My time here from August until the end of October was shaky. I was all set to go home in December, ready to write off this time as a failed experiment in immersion. I know my parents, siblings, close friends, and boyfriend were sick of me complaining that St. Ann’s wasn’t the right fit for me. I was upset by the rules, the religion, the people, and the community life. Nothing was as it had seemed it was meant to be.
In October, I went on retreat with members of my own volunteer community and members of the Turtle Mountain community. It was as if God finally smacked some sense into me and something changed. I realized that this was exactly where God wanted me. I had so much growing to do. I had relationships to build. I had to experience life here in North Dakota. New Jersey and all of its comforts could wait.
So I grew. I began to attend almost daily mass. I spent more time in the community and with God. I began to act like me again.
In the weeks before Christmas break, life as a volunteer became more stressful than usual. Work, community life, and the weather began to wear at my heart, and the hearts of the other volunteers. We were tired and needed to get away. Home was welcoming and so rejuvenating.
The past 5 or so weeks of being back had been hard. While the main stress plaguing the volunteers before Christmas was alleviated, I found it difficult to be back. Again, I was longing to be home with my family and boyfriend. My students were misbehaving more than I thought I could handle. My devotion to my prayer life had gone from hot to luke warm. I had an uncomfortable feeling in the pit of my stomach about being back until the end of May.

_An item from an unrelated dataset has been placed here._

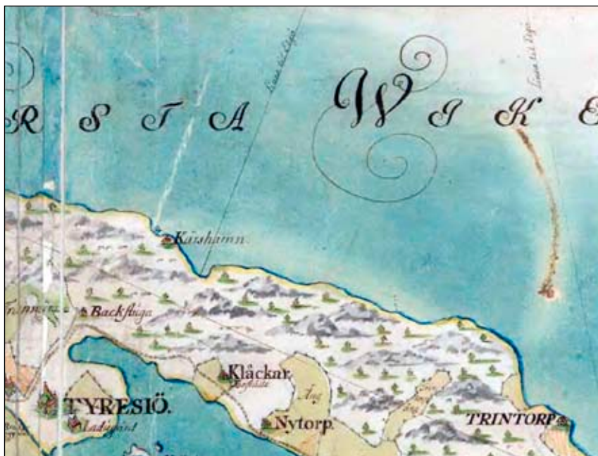
Fig 2. Ägomätningsskarta från 1748 med Kårshamn utmärkt, Lantmäteri- verket.

Området är kraftigt kuperat med lummig växtlighet med inslag av högra träd där barrträden dominerar. Genom området slingrar sig också smala vägar som både följer kustlinjen sträckning samt klättrar över berget i en nord sydlig riktning. Områdets centrala punkt är Bro- bänken med dess stensatta brygga samt sjöbod. Bryggan fungerade under lång tid som huvudbrygga för Tyresö slott.

But as I left the gymnasium of Turtle Mountain High School tonight, I could only smile. St. Ann’s Players in Progress (PiPs) program had another successful half time show. The kids had wowed another crowd with their ball handling skills and some had stuck around to entertain their own coaches (myself included) and other teachers. My girls had some behavioral improvement this week. Community life, although difficult, is good. Plus, I’ve made some friends out here, even one I trust enough to highlight my hair.
My sister, Kelly, tweeted something today that really made me think. Her company is having an art show for its employees. She half jokingly said it was a reminder of what they could have been. It got me thinking about this year and it reminded me one of the reasons why I’m here. I could be in graduate school or working at some social work agency. I would probably be happy but I would always wonder about what could have been if I pursued my dream of post-grad service. I’m glad I did. I won’t think “what if” in a year, or ten years, or 40 years.
I’ll get back on track with my prayer life. This is the best place to do so. My students and the other students at St. Ann’s remind me daily of God’s goodness. They also remind me to pray.
Broke, vitamin D deficient due to the lack of sun, cold, and hungry for some real pizza, I’m living my dream.